## [Available data]
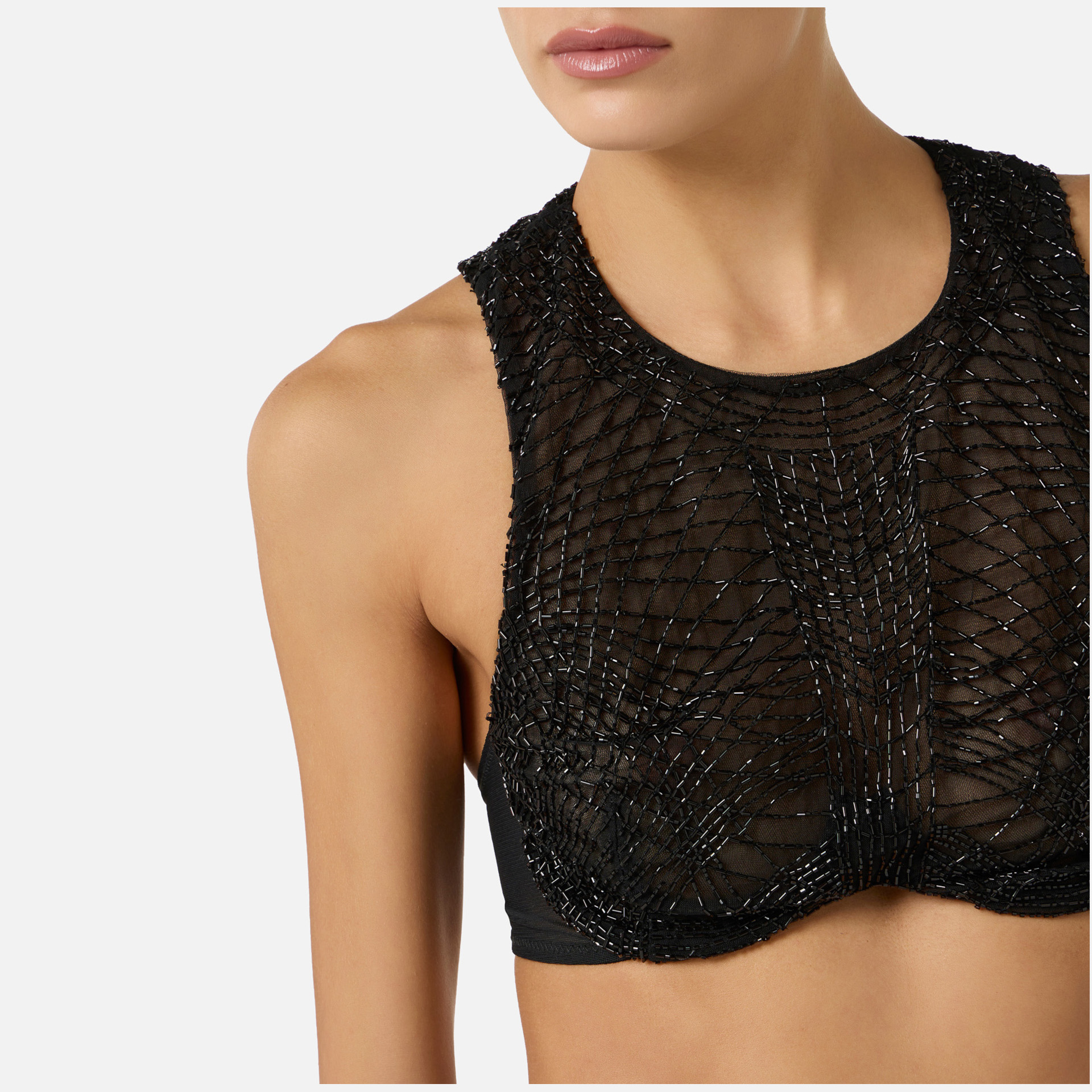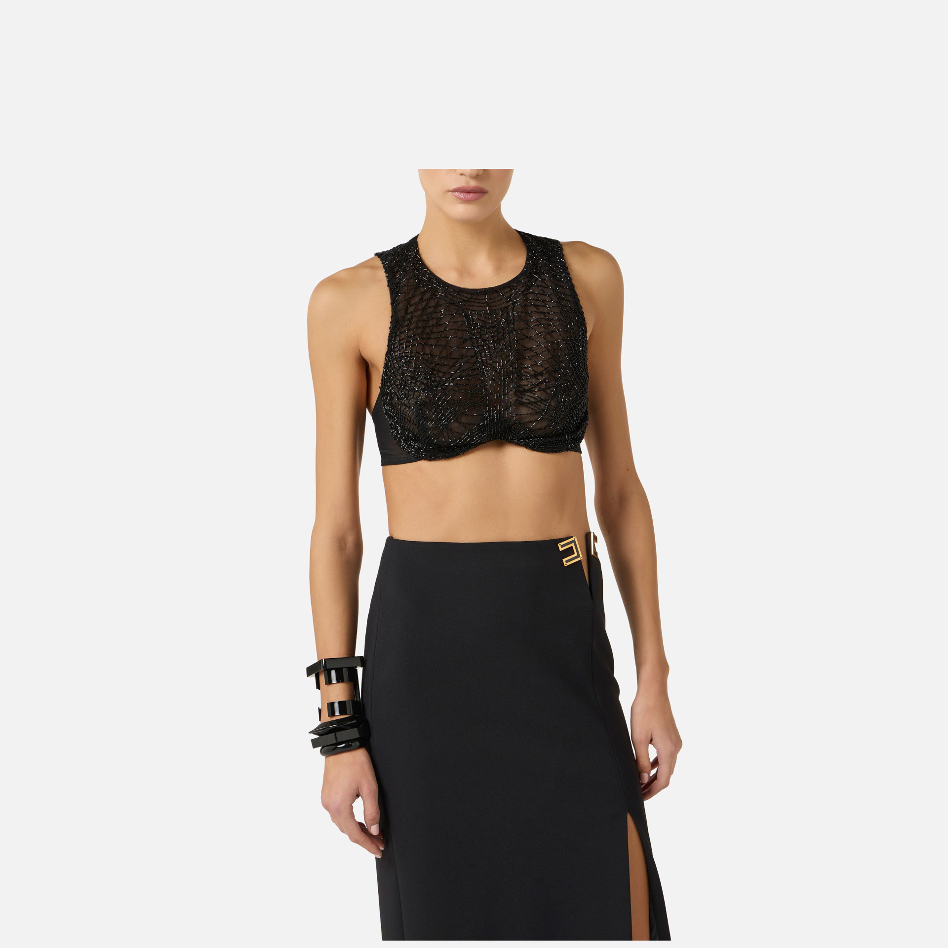 Top Elisabetta Franchitop scurt fără mâneci cu design spectaculos, ideal pentru ținute elegante și apariții statement. Cristalele brodate în model geometric adaugă strălucire și rafinament, evidențiind stilul sofisticat al piesei.
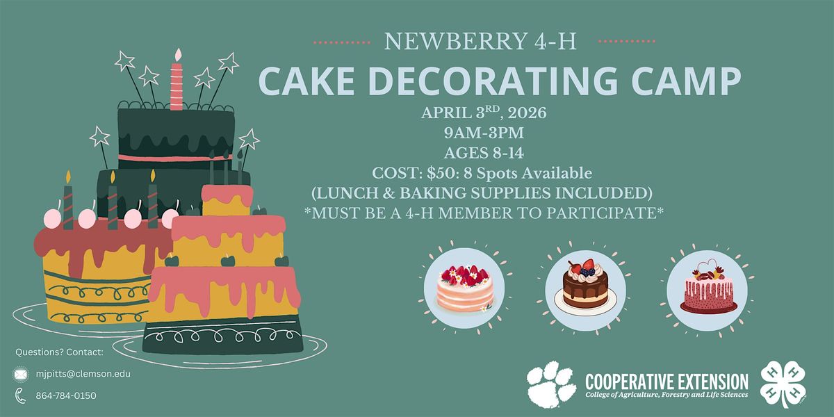 Calling all creative bakers! π Join us for a sweet and hands-on day at the Newberry County 4-H Cake Decorating Camp!
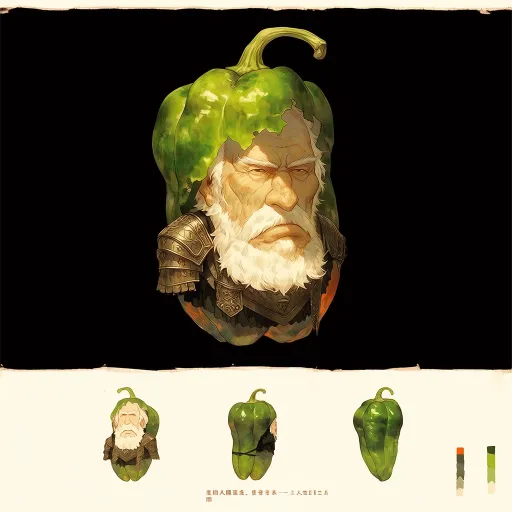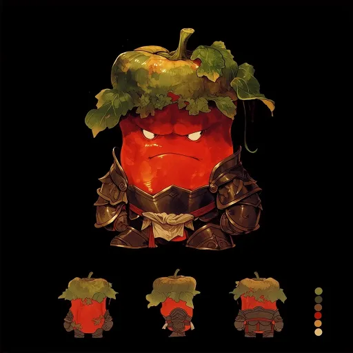 Midjourney Bot 更新时间:2026-03-18 00:00面展示一只拟人化的辣椒生物,老年形态,带有自然纹理。整体形象圆润、身穿古代盔甲表情冷漠,背景为黑底,营造自然与神秘结合的视觉冲击。下方以三视图形式展示角色的正面、侧面与背面,标注配色方案。。整体风格为水墨风,,融合自然幻案。。整体风格为水墨风,,融合自然幻 --ar 1:1 --stylize 100 --niji 7
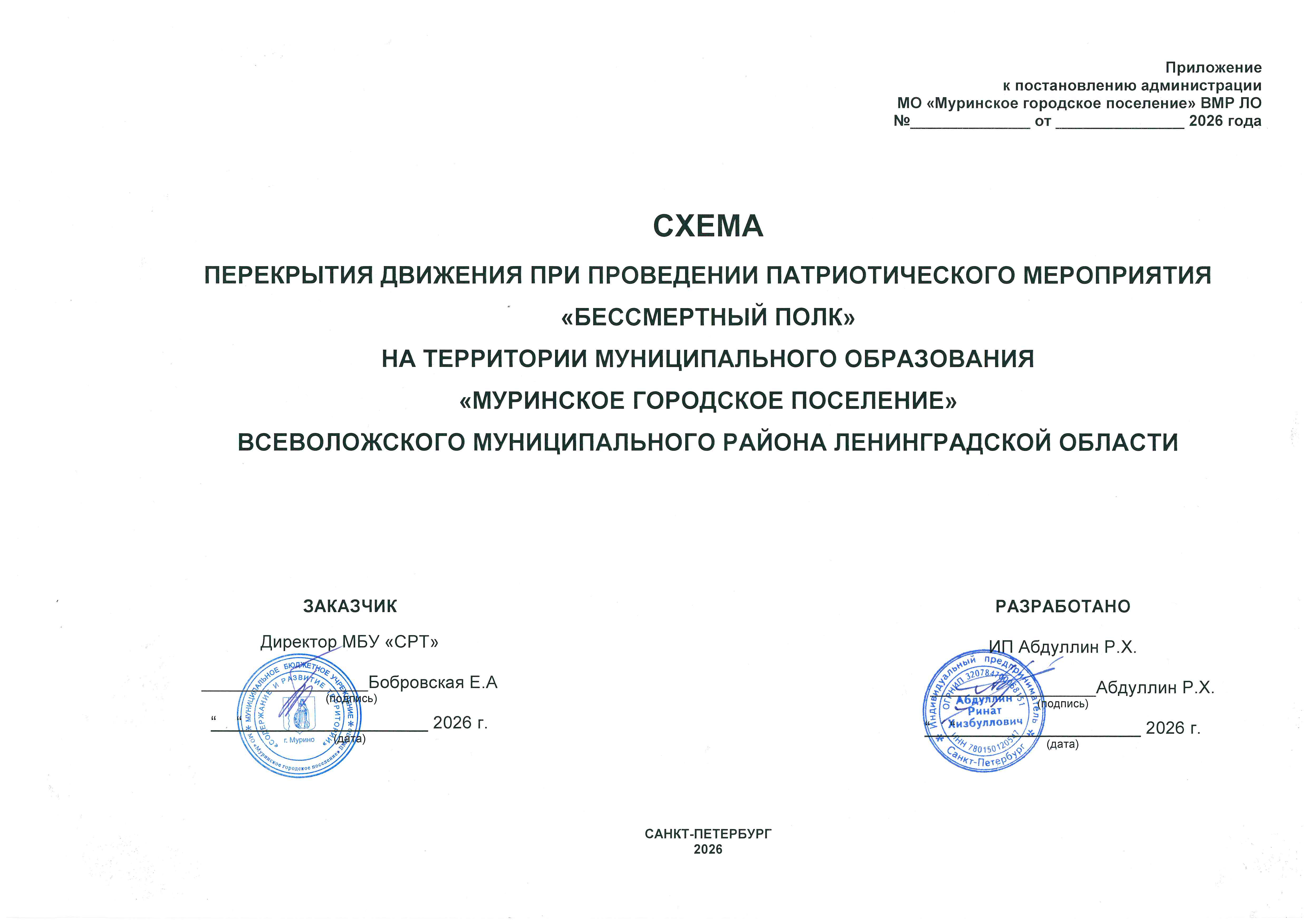 «Об утверждении схемы перекрытия движения при проведении патриотического мероприятия «Бессмертный полк» на территории муниципального образования «Муринское городского поселение» Всеволожского муниципального района Ленинградской области»
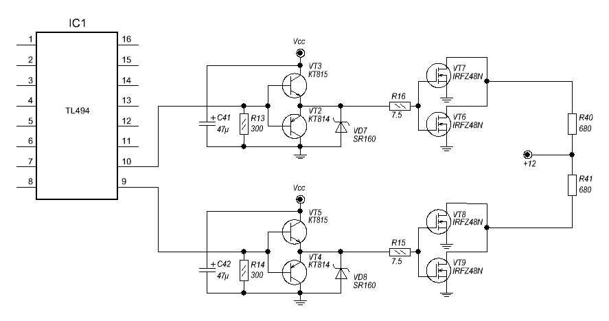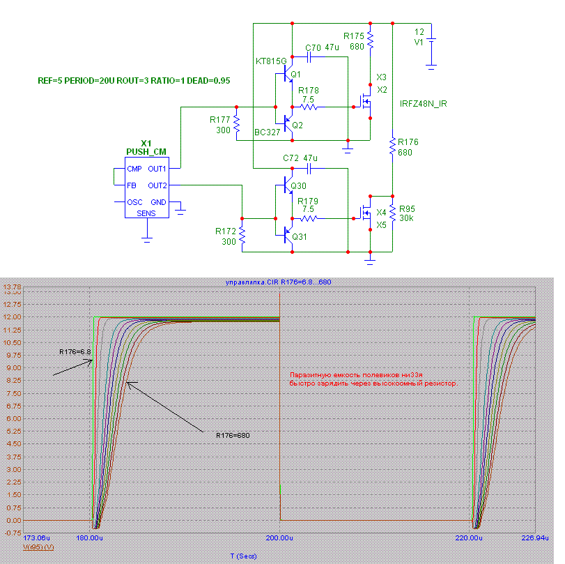 Кстати СКОРОСТЬ переключения фронтов затвора и соответсвенно вашего IRFZ48N БОЛЬШАЯ не нужна, почему? Да просто в связи с такой быстрой скоростью изменения dv/dt у вас будут выбпросы на СТОКЕ, а значит КПД упадет , помехи в радиоэфир и в усь вы пустите и драйверу ПЛОХО БУДЕТ, так что ТОЛКУ НЕТ от быстрой скорости.....
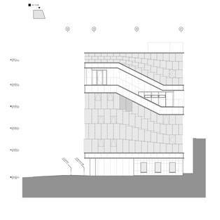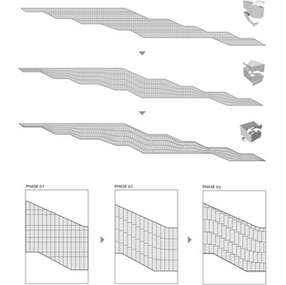 Постепенно трансформирующийся и сдвигающийся фасадный модуль тщательно согласовывается в трехмерном пространстве, от улицы к интерьеру здания, а изогнутый фасад создает плавный и плавный переход с уровня улицы к крыше здания. Все это соединяется с другим уровнем улицы внутри здания через путь, который освещает свет и гармонизирует звуки с улицы.
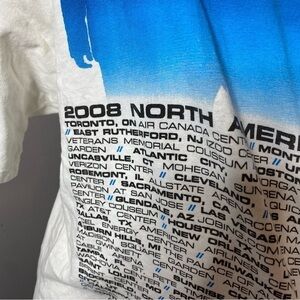 Throwback alert! This official 2008 New Kids on the Block North American Tour t-shirt features a bold front graphic of the band in black suits and sunglasses with a cityscape backdrop, plus a complete list of tour stops on the back.
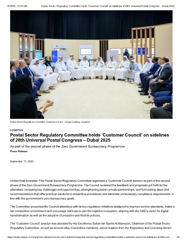 https://www.zawya.com/en/press-release/events-and-conferences/postal-sector-regulatory-committee-holds-customer-council-on-sidelines-of-28th-uni… 1/2
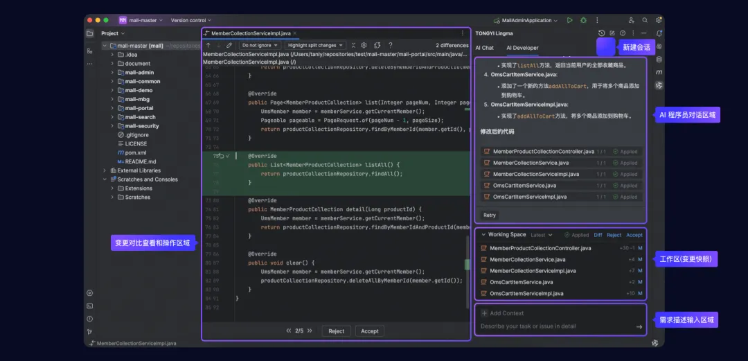 在与AI程序员的协作过程中,双方将以多轮对话的方式逐步完成任务,并生成多个快照版本,供开发者根据需要任意切换或回退。AI程序员限时免费开放欢迎访问通义灵码官网开启你的智能编程

## [Problem statement]
Transcribe nothing but the lines from the one containing "утверждении схемы перекрытия" through the final line of the records, exactly as written and without pictures.

## [Exercise output]
 «Об утверждении схемы перекрытия движения при проведении патриотического мероприятия «Бессмертный полк» на территории муниципального образования «Муринское городского поселение» Всеволожского муниципального района Ленинградской области»
 Кстати СКОРОСТЬ переключения фронтов затвора и соответсвенно вашего IRFZ48N БОЛЬШАЯ не нужна, почему? Да просто в связи с такой быстрой скоростью изменения dv/dt у вас будут выбпросы на СТОКЕ, а значит КПД упадет , помехи в радиоэфир и в усь вы пустите и драйверу ПЛОХО БУДЕТ, так что ТОЛКУ НЕТ от быстрой скорости.....
 Постепенно трансформирующийся и сдвигающийся фасадный модуль тщательно согласовывается в трехмерном пространстве, от улицы к интерьеру здания, а изогнутый фасад создает плавный и плавный переход с уровня улицы к крыше здания. Все это соединяется с другим уровнем улицы внутри здания через путь, который освещает свет и гармонизирует звуки с улицы.
 Throwback alert! This official 2008 New Kids on the Block North American Tour t-shirt features a bold front graphic of the band in black suits and sunglasses with a cityscape backdrop, plus a complete list of tour stops on the back.
 https://www.zawya.com/en/press-release/events-and-conferences/postal-sector-regulatory-committee-holds-customer-council-on-sidelines-of-28th-uni… 1/2
 在与AI程序员的协作过程中,双方将以多轮对话的方式逐步完成任务,并生成多个快照版本,供开发者根据需要任意切换或回退。AI程序员限时免费开放欢迎访问通义灵码官网开启你的智能编程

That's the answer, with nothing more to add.